== Data below

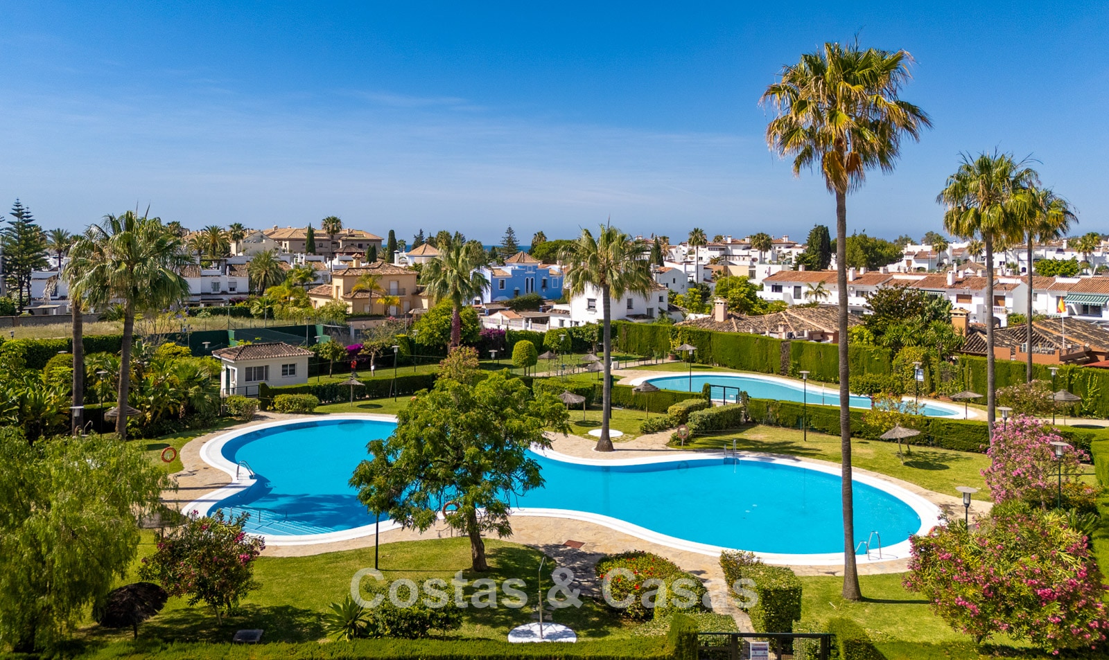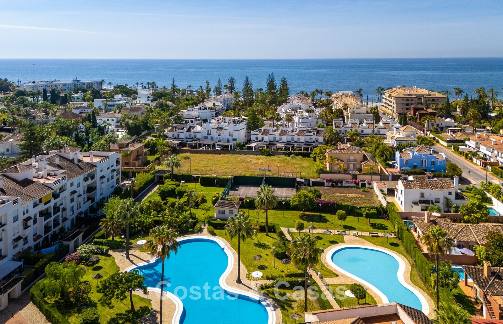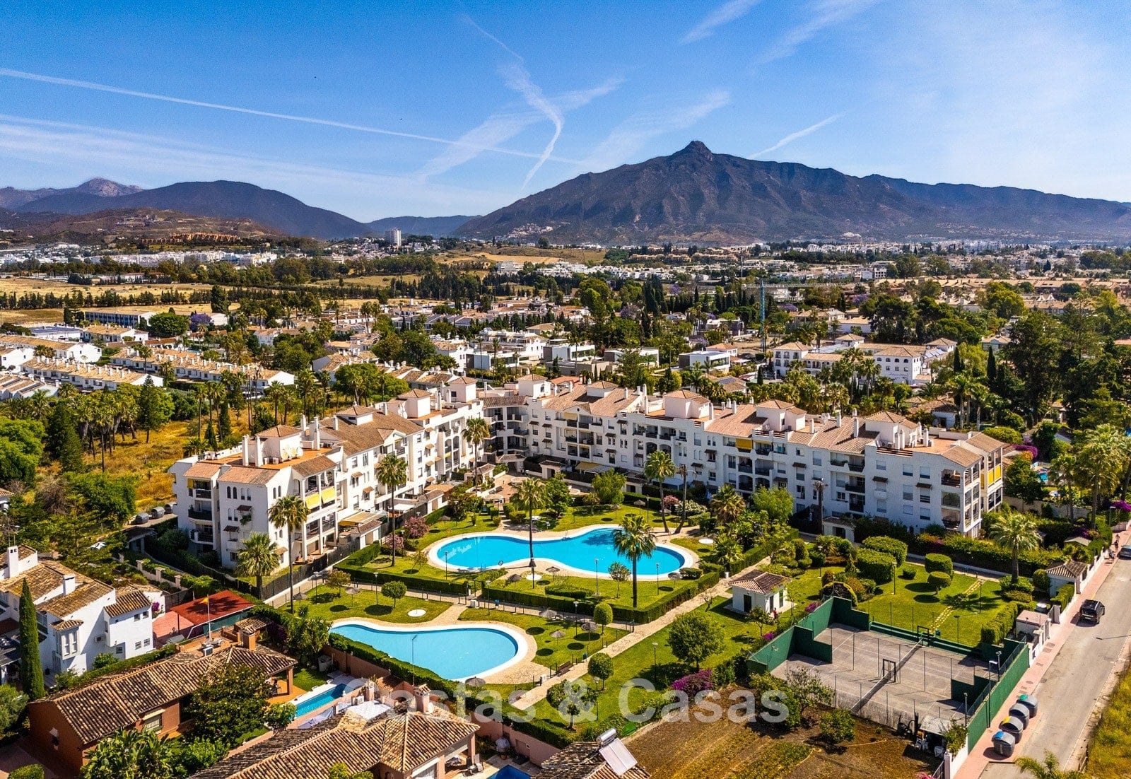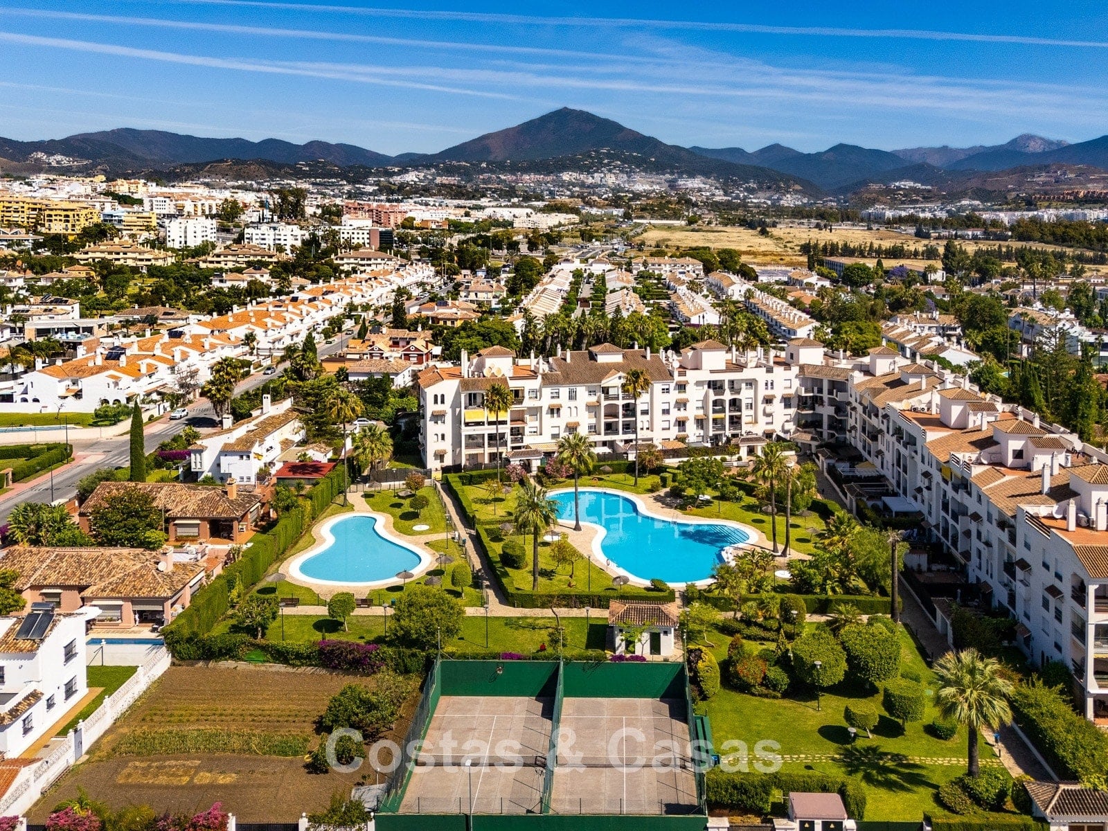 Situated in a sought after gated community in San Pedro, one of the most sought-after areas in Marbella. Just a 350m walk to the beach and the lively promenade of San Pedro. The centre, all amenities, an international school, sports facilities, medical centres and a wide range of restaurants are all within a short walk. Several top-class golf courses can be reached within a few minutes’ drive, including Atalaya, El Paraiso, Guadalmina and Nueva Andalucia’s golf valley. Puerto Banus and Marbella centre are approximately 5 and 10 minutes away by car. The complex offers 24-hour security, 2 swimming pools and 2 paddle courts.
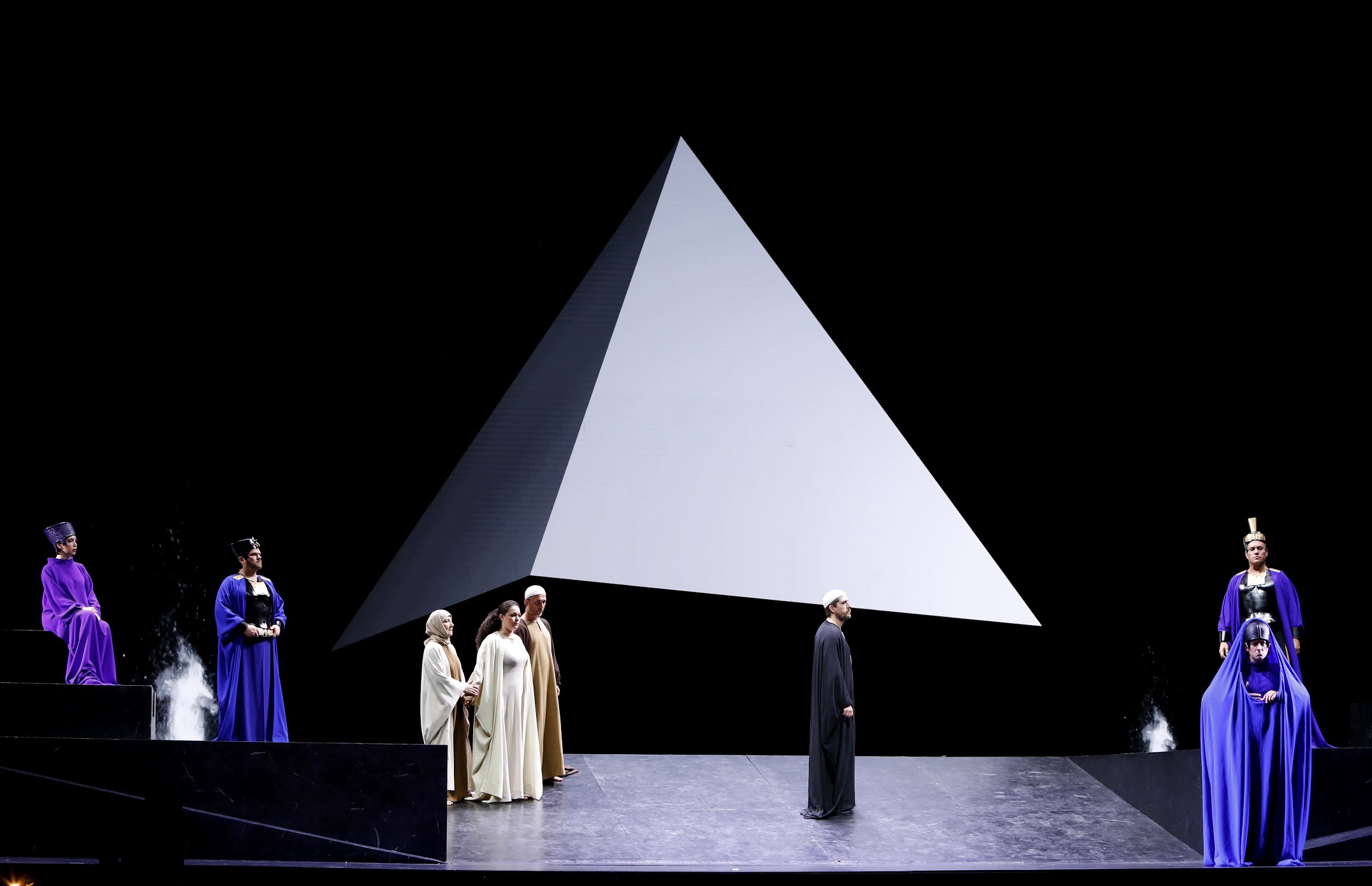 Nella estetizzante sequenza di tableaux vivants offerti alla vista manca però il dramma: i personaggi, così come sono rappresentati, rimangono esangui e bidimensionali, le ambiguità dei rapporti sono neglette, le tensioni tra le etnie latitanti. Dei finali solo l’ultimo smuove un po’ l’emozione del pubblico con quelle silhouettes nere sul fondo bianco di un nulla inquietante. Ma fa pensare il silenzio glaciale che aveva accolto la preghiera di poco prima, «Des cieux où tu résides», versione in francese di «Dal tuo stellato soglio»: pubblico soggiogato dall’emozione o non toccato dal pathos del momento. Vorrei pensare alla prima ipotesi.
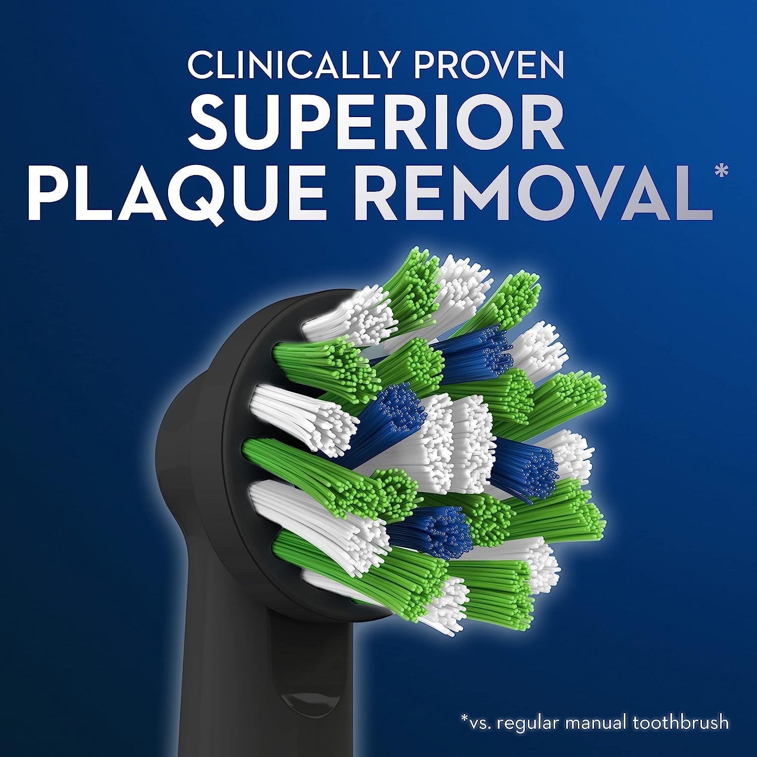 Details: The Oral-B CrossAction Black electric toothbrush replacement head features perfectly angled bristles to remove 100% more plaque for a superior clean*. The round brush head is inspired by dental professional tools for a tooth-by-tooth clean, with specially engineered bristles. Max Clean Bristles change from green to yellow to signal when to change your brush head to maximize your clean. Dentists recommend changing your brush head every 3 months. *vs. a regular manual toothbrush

====

- _Task brief_: Give an exact copy of the listing, without its pictures.

- _Exercise response_:
 Situated in a sought after gated community in San Pedro, one of the most sought-after areas in Marbella. Just a 350m walk to the beach and the lively promenade of San Pedro. The centre, all amenities, an international school, sports facilities, medical centres and a wide range of restaurants are all within a short walk. Several top-class golf courses can be reached within a few minutes’ drive, including Atalaya, El Paraiso, Guadalmina and Nueva Andalucia’s golf valley. Puerto Banus and Marbella centre are approximately 5 and 10 minutes away by car. The complex offers 24-hour security, 2 swimming pools and 2 paddle courts.
 Nella estetizzante sequenza di tableaux vivants offerti alla vista manca però il dramma: i personaggi, così come sono rappresentati, rimangono esangui e bidimensionali, le ambiguità dei rapporti sono neglette, le tensioni tra le etnie latitanti. Dei finali solo l’ultimo smuove un po’ l’emozione del pubblico con quelle silhouettes nere sul fondo bianco di un nulla inquietante. Ma fa pensare il silenzio glaciale che aveva accolto la preghiera di poco prima, «Des cieux où tu résides», versione in francese di «Dal tuo stellato soglio»: pubblico soggiogato dall’emozione o non toccato dal pathos del momento. Vorrei pensare alla prima ipotesi.
 Details: The Oral-B CrossAction Black electric toothbrush replacement head features perfectly angled bristles to remove 100% more plaque for a superior clean*. The round brush head is inspired by dental professional tools for a tooth-by-tooth clean, with specially engineered bristles. Max Clean Bristles change from green to yellow to signal when to change your brush head to maximize your clean. Dentists recommend changing your brush head every 3 months. *vs. a regular manual toothbrush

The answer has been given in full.